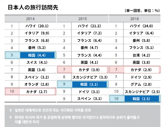 特に台湾とハワイは増えてる。今現在、嫌韓を抜きに考えても、韓国に行きたいと思わせるものが何もない。
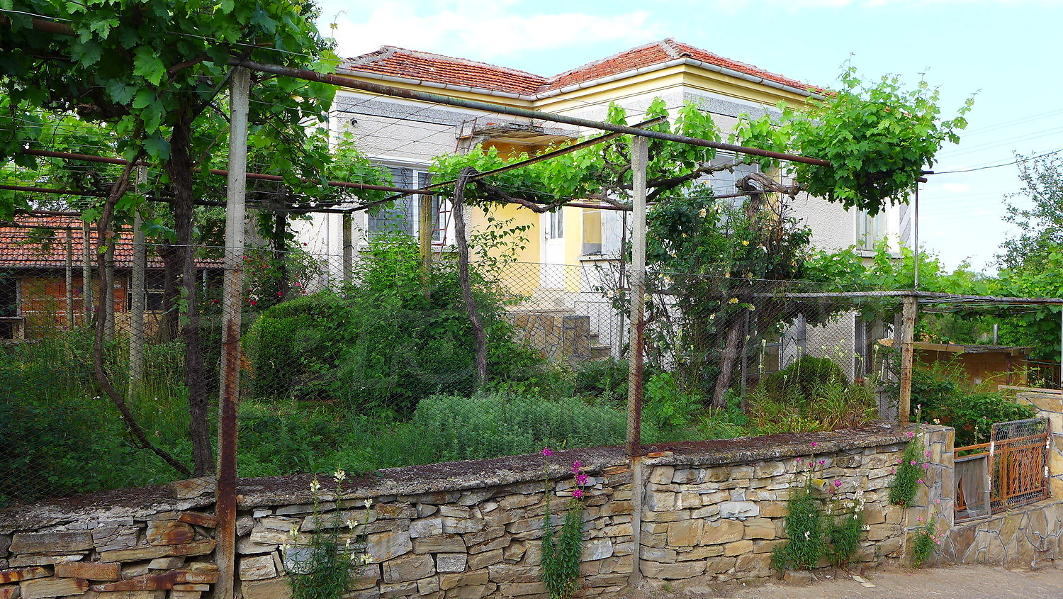 Предлагаем вашему вниманию этот дом общей площадью 125 кв. подвал - 16 кв. и большой сад общей площадью 3463 кв. Есть также две большие хозяйственные постройки. Жилая площадь на первом этаже распределена между входом, коридором, 2 комнатами, туалетом, ванной комнатой и кладовая. На верхнем этаже Вы можете найти коридор и 3 спальни. Массивные стены из камня и кирпича, деревянные полы и деревянные оконные рамы имеются в собственности. Недвижимость подключена к электричеству и коммунальному водоснабжению. Около 200 метров проходит небольшая река, которая является приятным местом для прогулок и рыбалки!
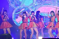 AKB48's first sister group, SKE48, was formed in 2008 with its theater in Sakae, Nagoya.[4][5] SDN48 ("Saturday Night"), NMB48[6] ("Namba") and HKT48[7] ("Hakata") were later formed. NGT48 was launched in 2015, and is located in Niigata.[8] STU48, the latest Japanese sister group, was announced during the AKB48 rock-paper-scissors tournament on October 10, 2016. It is based on the seven prefectures adjoining the coast of the Seto Inland Sea and they performed on a ship for a while.[9] Following the assault on NGT48 member Maho Yamaguchi, the management of AKB48 faced severe public criticism.[10] In response, it was announced to significantly change AKB48 management structures, with individual companies independently running each of the Japanese groups.[11]
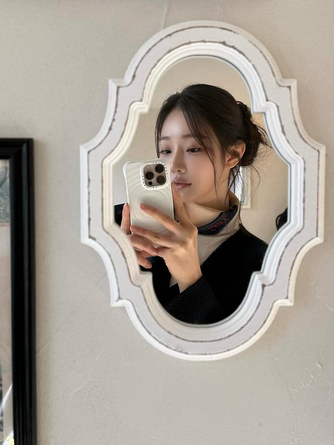 자칫 평범할 수 있는 조합이지만 이시안만의 맑은 이미지와 만나 한층 지적인 분위기를 완성하고 있어요.
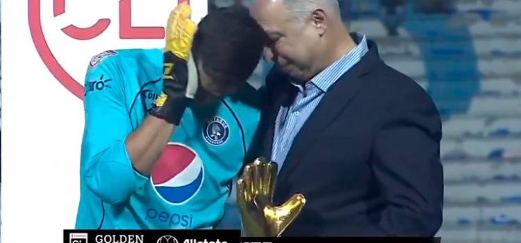 El argentino recibió el premio como mejor arquero de la Liga Concacaf y se le salieron las lágrimas junto al presidente Eduardo Atala
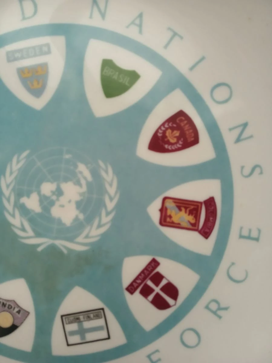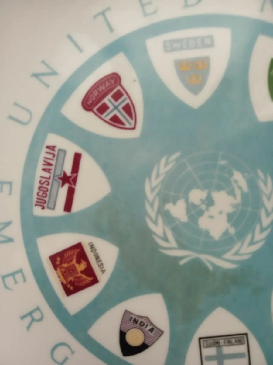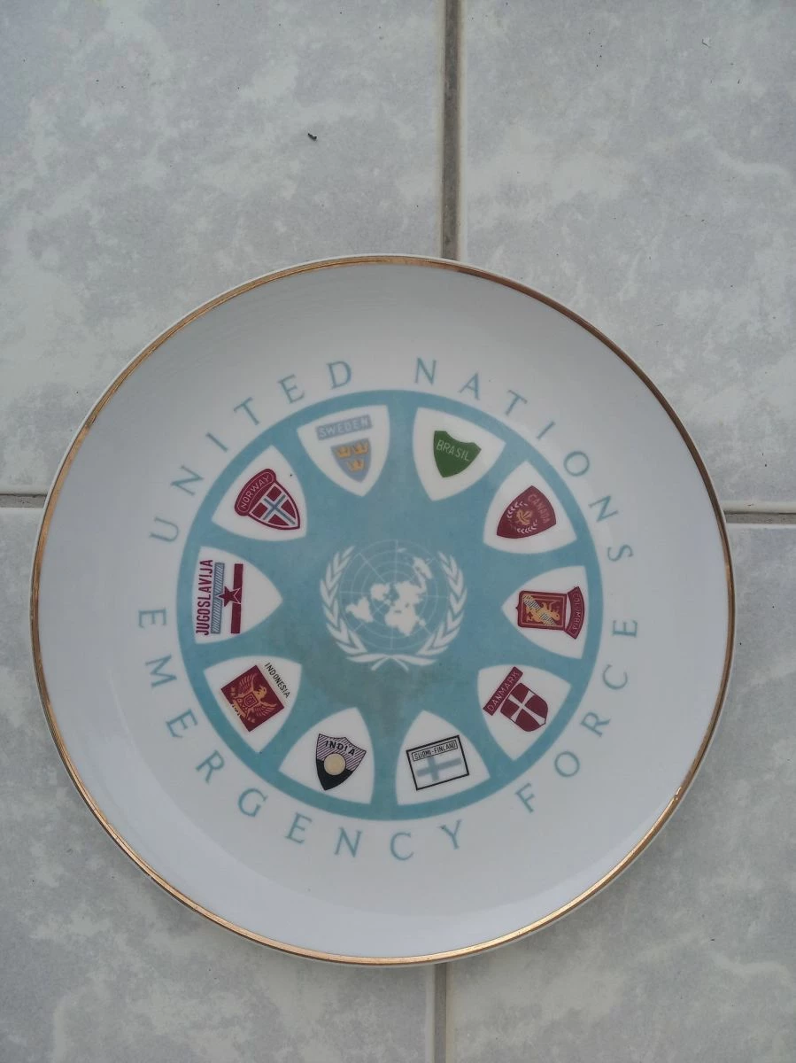 Πωλείται το εικονιζόμενο πιάτο UNITED NATIONS EMERGENCY FORCE. Αναφέρεται στην κρίση και τον πόλεμο του Σουέζ που έγινε το 1956, και εικονιζονται τα εμβλήματα των 10 χωρών που έστειλαν στρατεύματα, και που απετέλεσαν την 1η UNITED NATIONS EMERGENCY FORCE, κάτι που έγινε για 1η φορά. (Μεταξύ των οποίων, και μιας χώρας που δεν υπάρχει πια: Γιουγκοσλαβία). Οι δυνάμεις αυτές, 6,000 ανδρών κατά το μάξιμουμ της παρουσίας της, επεχείρησαν μεταξύ Νοεμβρίου 1956 και Μαίου 1967. Διαμ. 27 εκ. και σε άριστη κατάσταση.
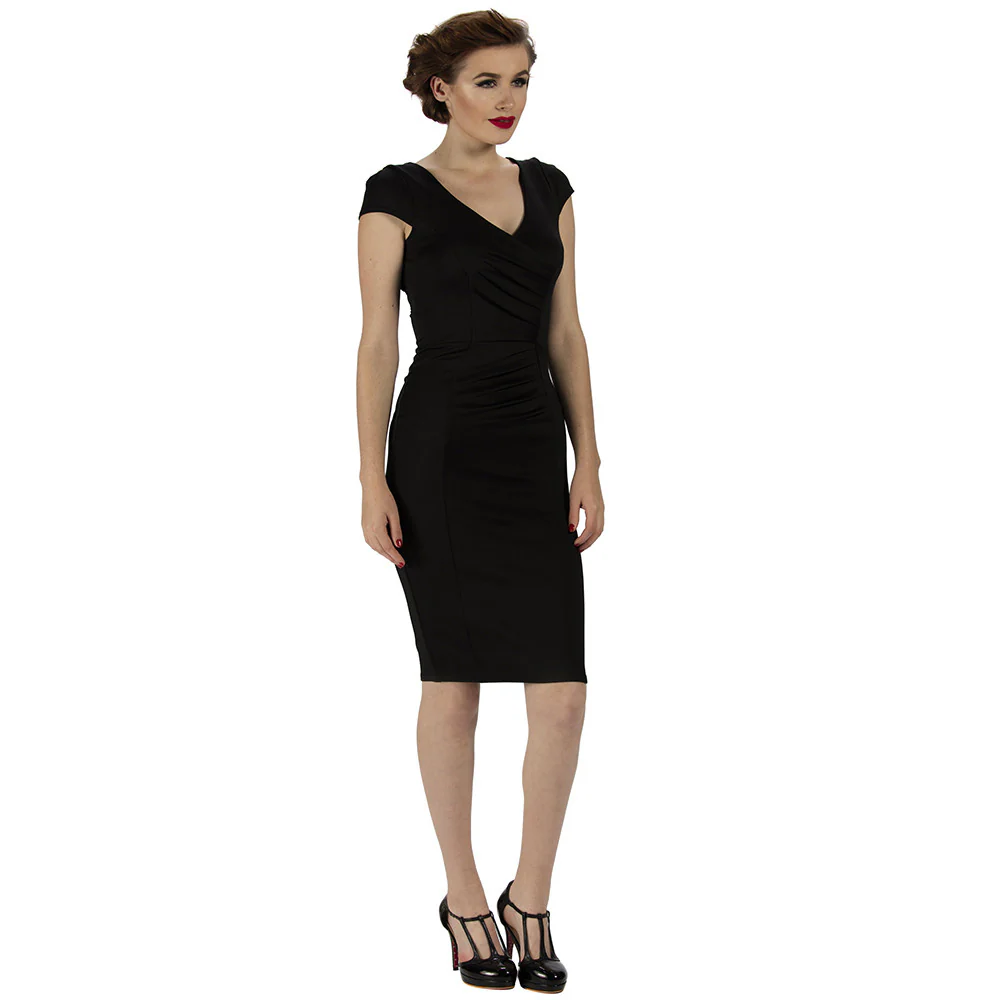 Black Capped Sleeve Bodycon Pencil Wiggle Dress
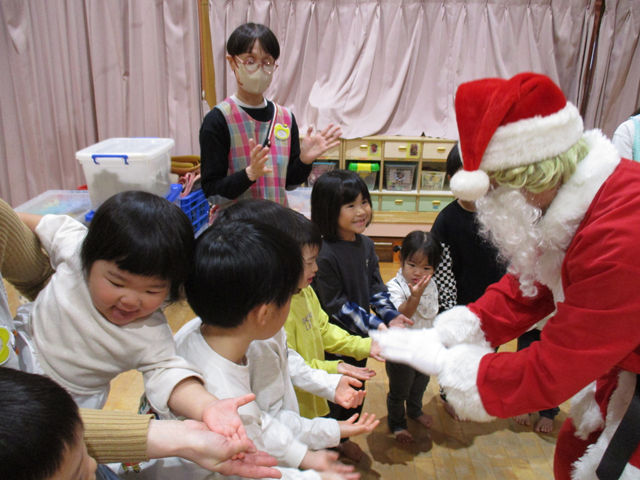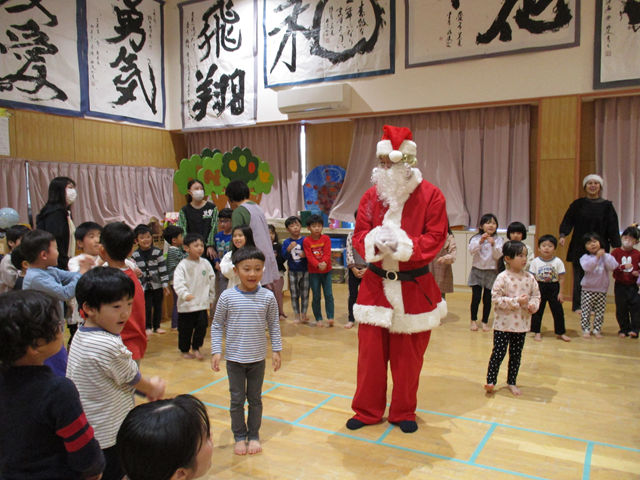 12月に入り鈴蘭保育園のお遊戯場にもXmasツリーが飾られ、子ども達は「うちもツリーだしたよ」「サンタさんにおねがいしたんだ」とおしゃべりしたり、どこからか鈴の音が聞こえてきて大はしゃぎしたり、サンタさんにお手紙を書き、園内に置かれたポストにお手紙を投函したりしながら過ごしていましたよ。そんな日々を過ごす中、ウキウキした気持ちがどんどん大きくなっていった子ども達です。
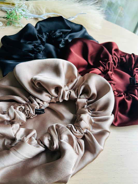 Duo de Chouchous satin noir doré marbré - Touche Soie premium – Taille XS & M
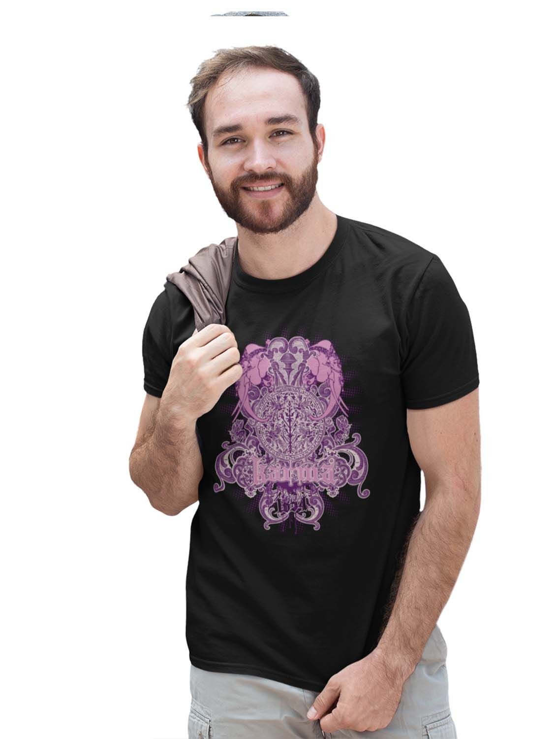 The Power Of Karma Black Round Neck Cotton Half Sleeved T-Shirt with Printed Graphics
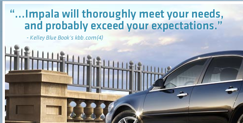 “Will probably exceed your expectations” is a bit of a backhanded compliment. Expectations for the Impala aren’t particularly high. Unfortunately, it seems to be the nicest thing anyone’s ever said about the car, so Chevrolet chose to share it as a selling point.
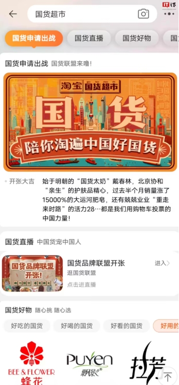 淘寶上線(xiàn)“國貨超市”,涵蓋華為、小米、vivo 等品牌
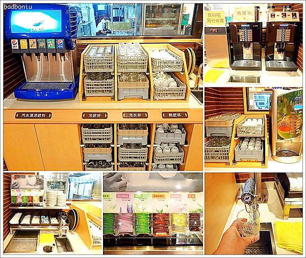 飲料吧還蠻多樣的,有碳酸氣泡飲料,還有咖啡及熱茶(自己泡),飲用水也是在這邊自己裝。
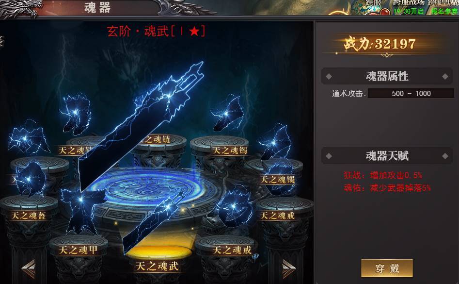 玄阶●魂武[Ⅰ★]魂器天赋:狂战:增加攻击0.5%;魂佑:减少武器掉落5%
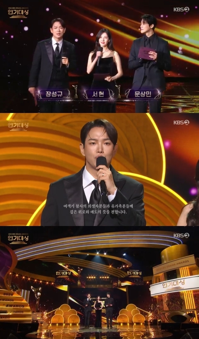 11일 여의도 KBS홀에서 열린 '2024 KBS 연기대상'이 방송됐다. 당초 지난해 생방송으로 진행될 예정이었으나 제주항공 여객기 참사로 인해 녹화방송으로 변경됐다. 진행은 방송인 장성규, 그룹 소녀시대 서현, 배우 문상민이 맡았다.
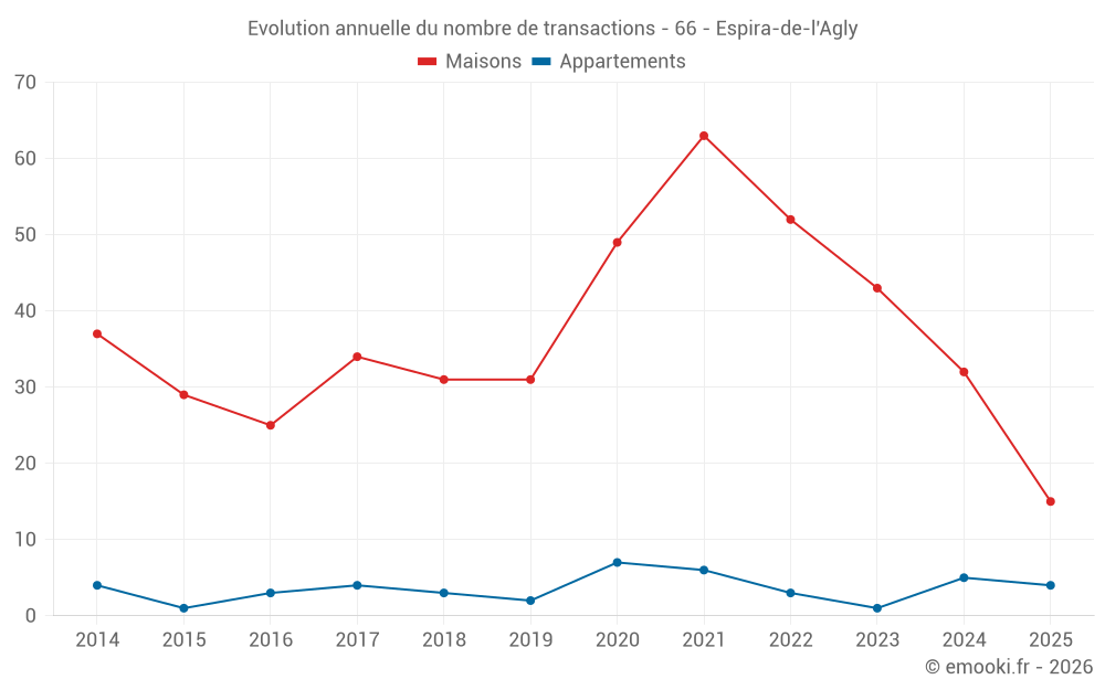 Le prix médian sur les 31 transactions de maisons des 12 derniers mois dans la commune d'Espira-de-l'Agly était de 1 745 € par mètre carré pour une valeur foncière médiane de 149 000 €. Sur cette période 60% des transactions se sont situées entre 1 185 et 2 926 € par mètre carré (du 2ème au 8ème déciles).
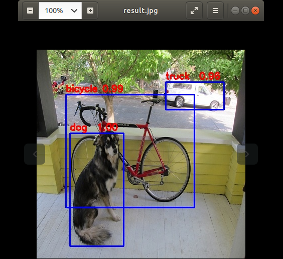 6 完成推理后我们可以得到一个results.jpg。打开后发现里面有推理后的结果,包括被识别的物体和对应的置信度。
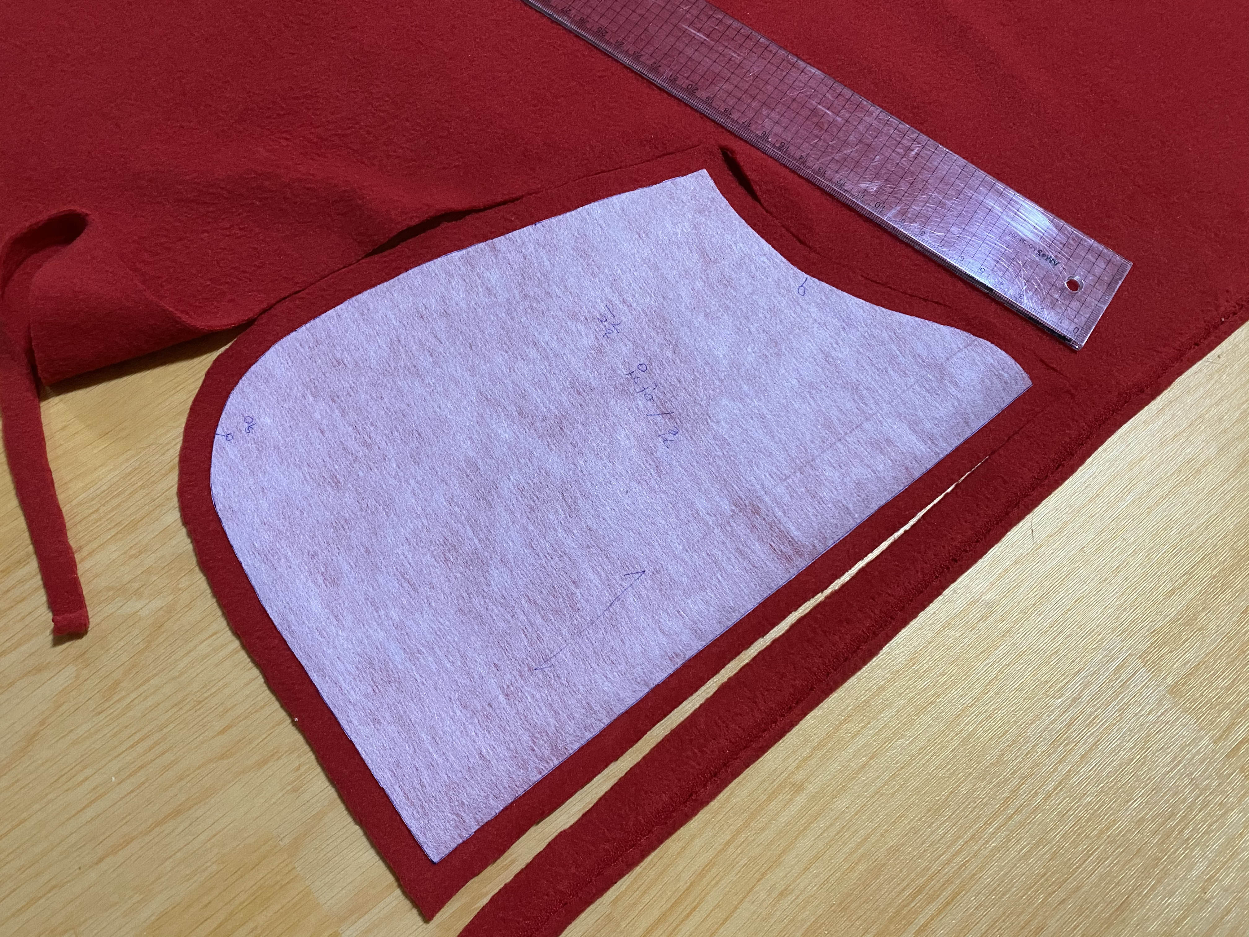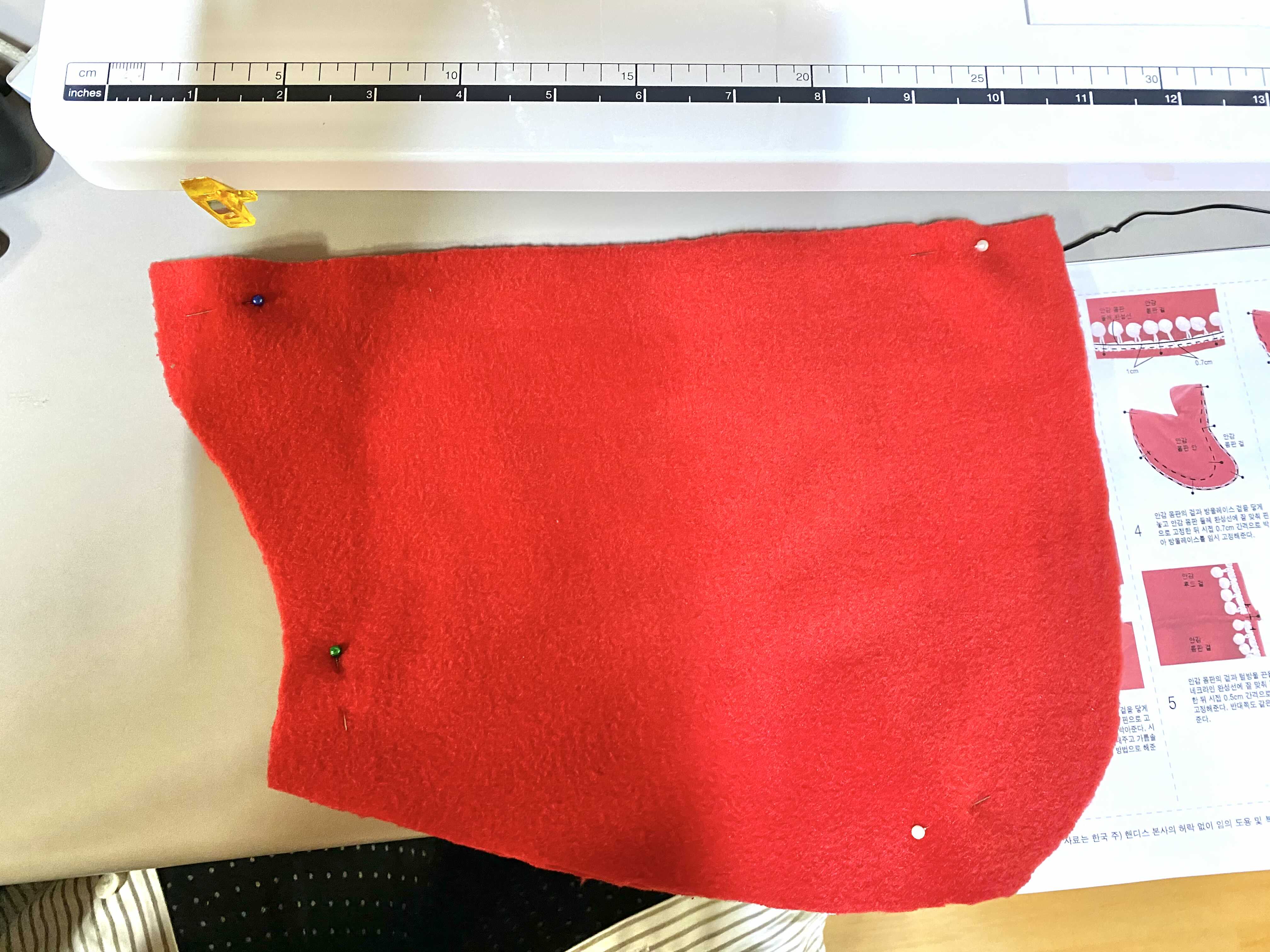 제대로 만들어보려고 망토 패턴과 패턴지를 사고 가장 작은 패턴을 패턴지에 그려주었습니다. 준비한 천에 대고 시접 1cm 씩 주어 재단했습니다.
-=-=-=-=-
- **ASSIGNMENT**
Your copy should hold only the lines above from the one containing "飲料吧還蠻多樣的,有碳酸氣泡" through the one containing "Le prix médian", exactly as written and free of pictures.

- **SOLUTION TO THE PROBLEM**
 飲料吧還蠻多樣的,有碳酸氣泡飲料,還有咖啡及熱茶(自己泡),飲用水也是在這邊自己裝。
 玄阶●魂武[Ⅰ★]魂器天赋:狂战:增加攻击0.5%;魂佑:减少武器掉落5%
 11일 여의도 KBS홀에서 열린 '2024 KBS 연기대상'이 방송됐다. 당초 지난해 생방송으로 진행될 예정이었으나 제주항공 여객기 참사로 인해 녹화방송으로 변경됐다. 진행은 방송인 장성규, 그룹 소녀시대 서현, 배우 문상민이 맡았다.
 Le prix médian sur les 31 transactions de maisons des 12 derniers mois dans la commune d'Espira-de-l'Agly était de 1 745 € par mètre carré pour une valeur foncière médiane de 149 000 €. Sur cette période 60% des transactions se sont situées entre 1 185 et 2 926 € par mètre carré (du 2ème au 8ème déciles).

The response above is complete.